Hyperkalemia Versus Pseudohyperkalemia Without ECG Changes in Acute Blast Crisis Progressing to Tumor Lysis Syndrome
Moiuz Chaudhri, Ayesha Samad, Jordan Lipschutz, Jose Iglesias

TL;DR
A patient with a blood disorder developed high potassium levels, which were confirmed as real and not due to lab error, leading to severe complications requiring urgent treatment.
Contribution
This case highlights the diagnostic challenge of differentiating true hyperkalemia from pseudohyperkalemia in patients with extreme leukocytosis.
Findings
Hyperkalemia was confirmed as real through serum and plasma potassium measurements.
The patient progressed to tumor lysis syndrome requiring hemodialysis and cytoreductive therapy.

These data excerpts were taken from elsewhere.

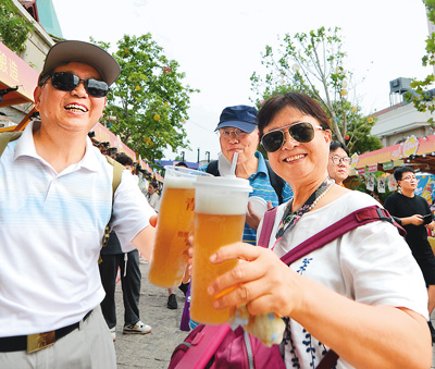 近日,山东青岛举办第二届上街里·啤酒节,推出消暑休闲美食之旅,拓展消费空间,丰富群众的业余文化生活。图为游客体验青岛原浆啤酒。 |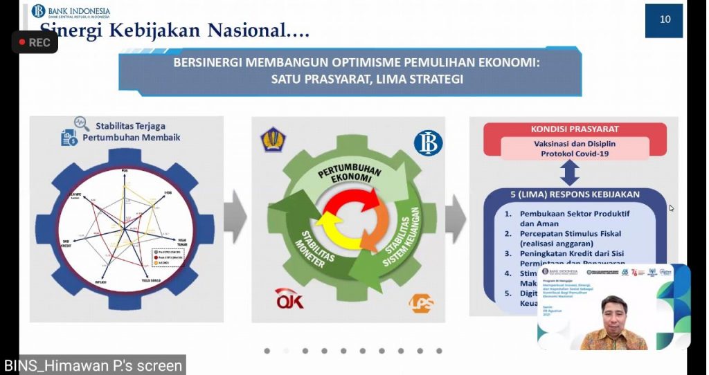 “While the five policy responses are the opening of productive and safe sectors, acceleration of fiscal stimulus, increasing credit from the demand and supply side, monetary stimulus and macroprudential policy, and the digitalization of the economy and finance, especially MSMEs,” explained Dr. Solikin.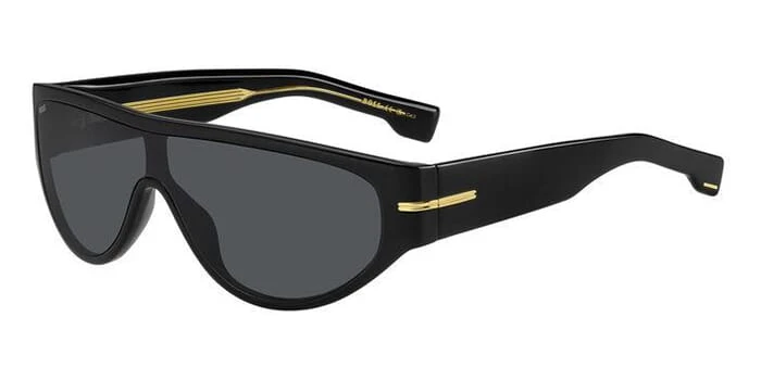 This shield Hugo Boss sunglass comes in a black frame with grey lenses.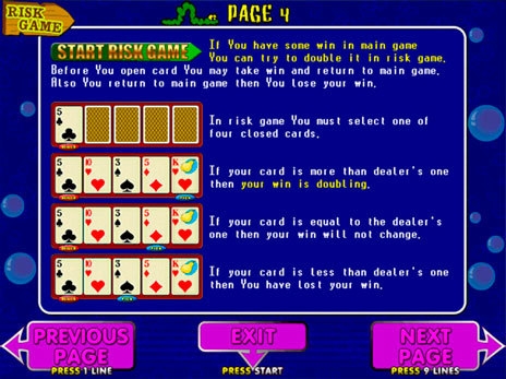 После получения выигрыша от удачного вращения игрок может увеличить размер выигрыша в 2 раза. Суть рискованного раунда простая: клиент выбирает 1 карту из 4 в надежде, что она окажется выше, чем у дилера. Сложность состоит в том, что карты закрытые. Выигрыш зависит от интуиции клиента казино. В результате выигрыша пользователь награждается удвоением выплаты. Если карта клиента окажется ниже, чем у дилера, то заработная ставка проигрывается.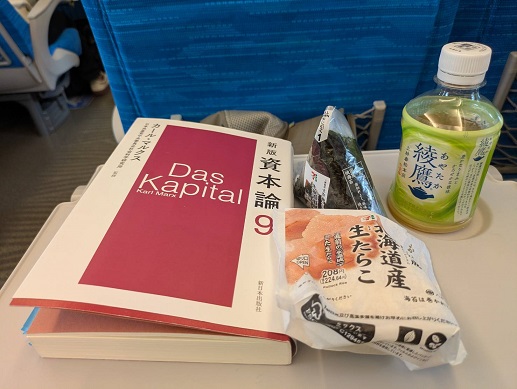 車内「資本論の人」からコンビニおにぎりの人へと変態しながら移動する。「金山」のイオン前に12時半の集合なので、お昼を食べる時間はないのである。

Pseudohyperkalemia was ruled out despite high blast count and cell fragility.
Abstract
Hyperkalemia is critical to recognize, but distinguishing it from pseudohyperkalemia is essential to avoid unnecessary treatment. We present a 66-year-old male with a history of myeloproliferative disorder and chronic myelomonocytic leukemia (CMML) who developed hyperleukocytosis (white blood cell (WBC) 666 × 10⁹/L, 95% blasts) and severe hyperkalemia (9.4 mmol/L) without electrocardiogram (ECG) changes. Pseudohyperkalemia was considered but ruled out by measuring serum and plasma potassium levels along with using heparinized and non-heparinized tubes. Pseudohyperkalemia is more common in hematologic malignancies due to extreme leukocytosis, which leads to an increase in cell fragility and potassium leakage during sample handling. Despite initial medical therapy, hyperkalemia persisted, requiring emergent hemodialysis, leukapheresis, and cytoreductive treatment. He developed tumor lysis…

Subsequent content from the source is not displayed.